### Problem description
Leave out the pictures, and copy exactly the lines from the line with "Acacia koaia (Koaia, dwarf" through the last line of the data below.

(Dataset excerpts)

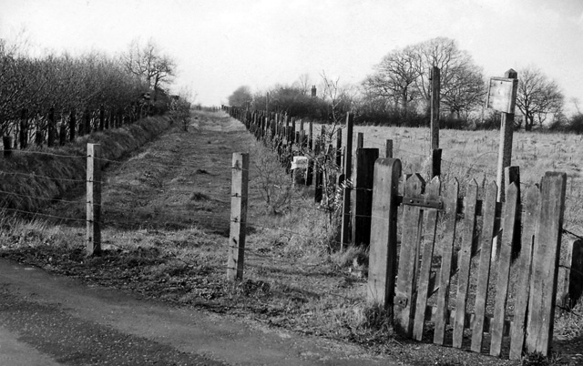 Site of Blean & Tyler Hill Halt. View NNW, towards Whitstable Harbour; ex-SE&C Canterbury West - Whitstable Harbour branch. Passenger service ceased and Halt closed 1/1/31, line closed completely 1/3/53.
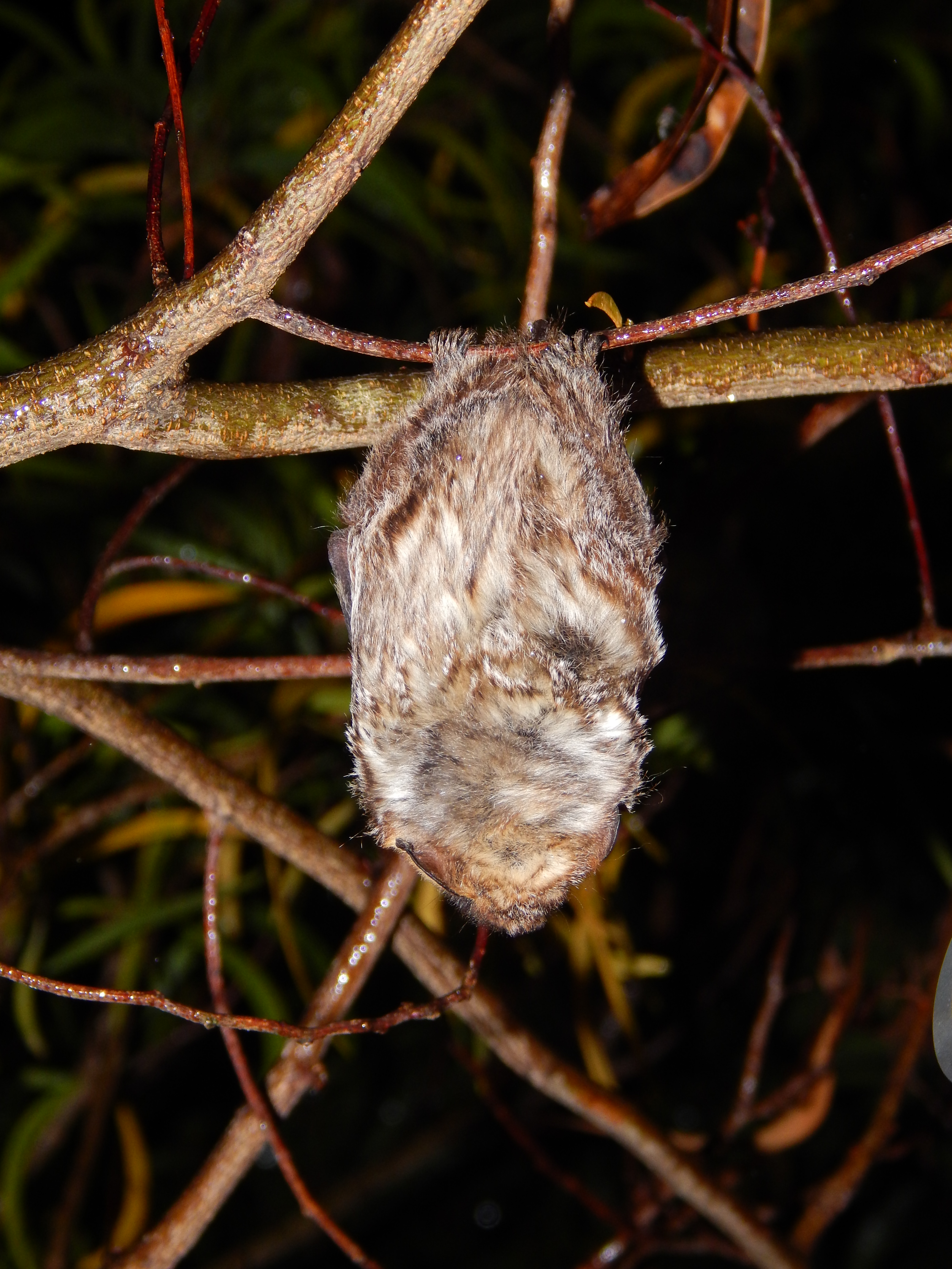 Acacia koaia (Koaia, dwarf koa) Habit with Hawaiian Hoary bat release at Hawea Pl Olinda, Maui, Hawaii. June 25, 2014 #140625-0818 Image Use Policy
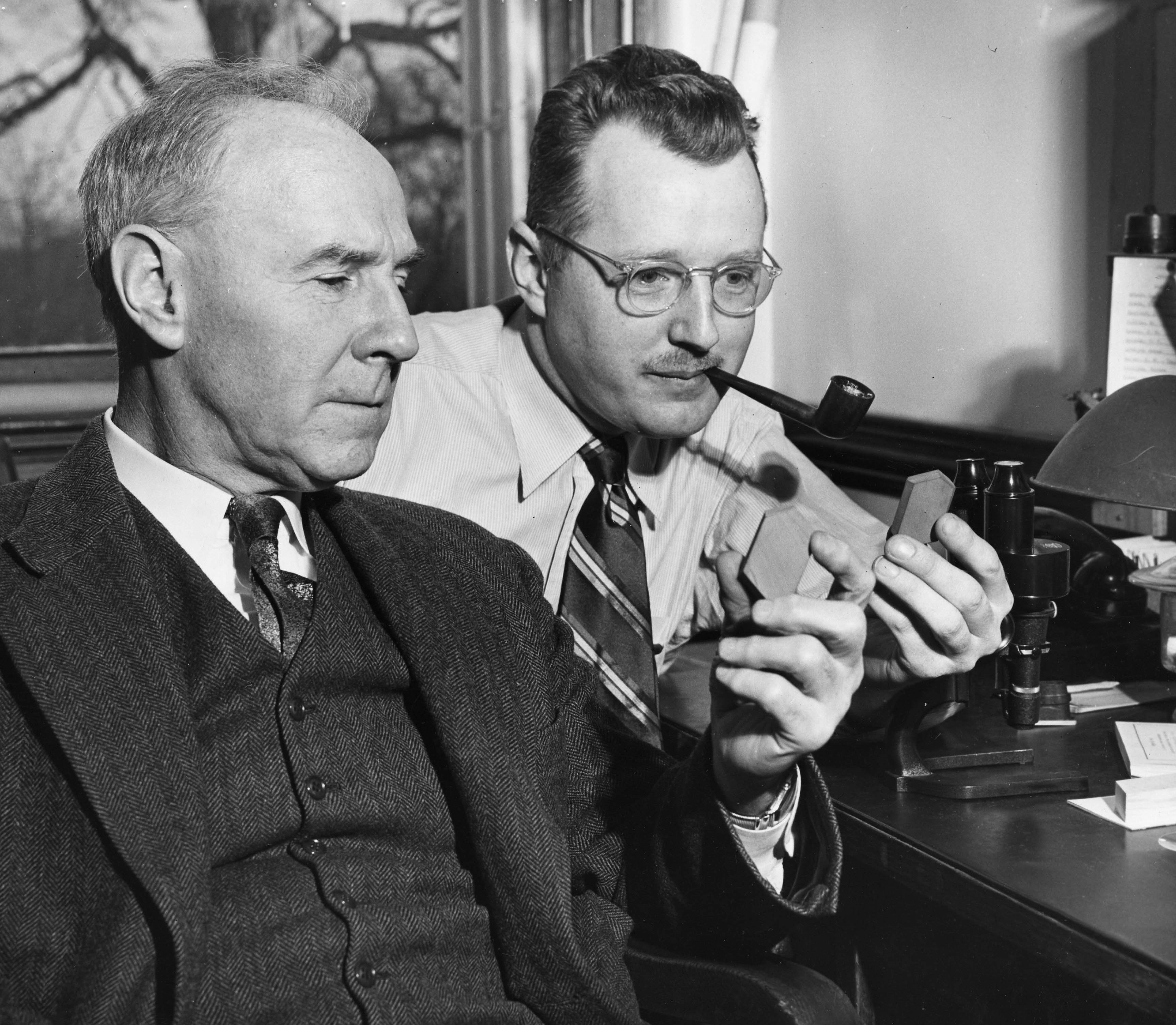 Subject: Bowen, Norman Levi 1887-1956 Tuttle, O. F (Orville Frank) 1916- Carnegie Institution of Washington Geophysical Laboratory Pennsylvania State University Stanford University University of Chicago Type: Black-and-white photographs Topic: Geology Petrology Local number: SIA Acc. 90-105 [SIA2008-0002] Summary: Geologist Norman Levi Bowen (1887-1956) was at Carnegie Institution of Washington, 1920-1937, and then became professor at University of Chicago; Orville Frank Tuttle (1916-1983) was at the Carnegie Institution Geophysical Laboratory, 1942-1945 and 1947-1953, a professor at Penn State University, 1953-1965, and then at Stanford University, 1965-1970 Cite as: Acc. 90-105 - Science Service, Records, 1920s-1970s, Smithsonian Institution Archives Persistent URL: Repository:Smithsonian Institution Archives View more collections from the Smithsonian Institution.
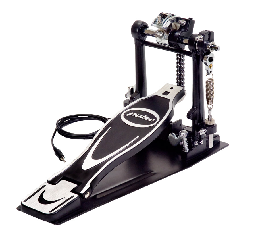 A picture of the Rock Pedal accessory for Rock Band.
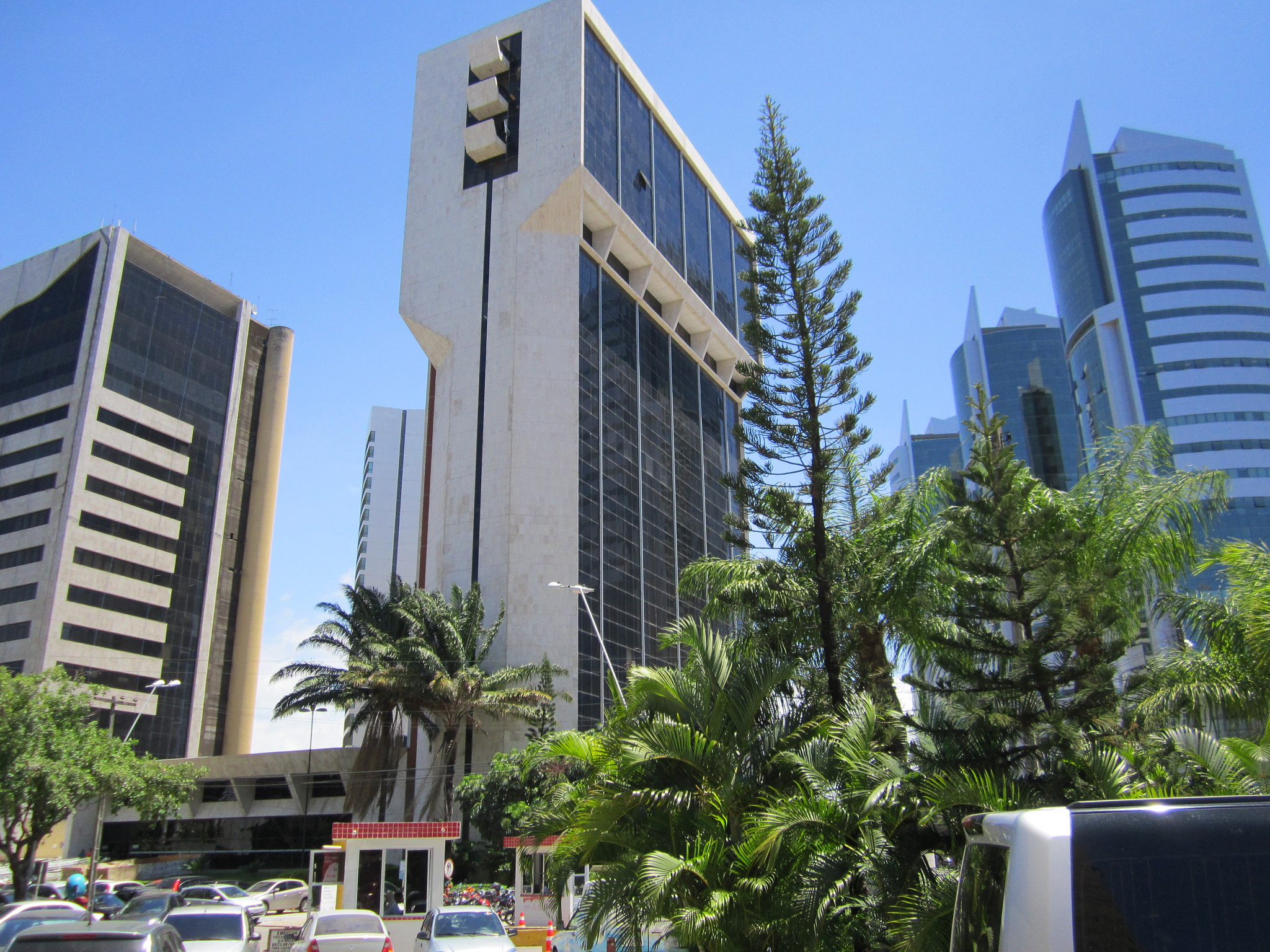 The neighborhood of Boa Viagem - Recife, Pernambuco, Brazil

### Answer area
 Acacia koaia (Koaia, dwarf koa) Habit with Hawaiian Hoary bat release at Hawea Pl Olinda, Maui, Hawaii. June 25, 2014 #140625-0818 Image Use Policy
 Subject: Bowen, Norman Levi 1887-1956 Tuttle, O. F (Orville Frank) 1916- Carnegie Institution of Washington Geophysical Laboratory Pennsylvania State University Stanford University University of Chicago Type: Black-and-white photographs Topic: Geology Petrology Local number: SIA Acc. 90-105 [SIA2008-0002] Summary: Geologist Norman Levi Bowen (1887-1956) was at Carnegie Institution of Washington, 1920-1937, and then became professor at University of Chicago; Orville Frank Tuttle (1916-1983) was at the Carnegie Institution Geophysical Laboratory, 1942-1945 and 1947-1953, a professor at Penn State University, 1953-1965, and then at Stanford University, 1965-1970 Cite as: Acc. 90-105 - Science Service, Records, 1920s-1970s, Smithsonian Institution Archives Persistent URL: Repository:Smithsonian Institution Archives View more collections from the Smithsonian Institution.
 A picture of the Rock Pedal accessory for Rock Band.
 The neighborhood of Boa Viagem - Recife, Pernambuco, Brazil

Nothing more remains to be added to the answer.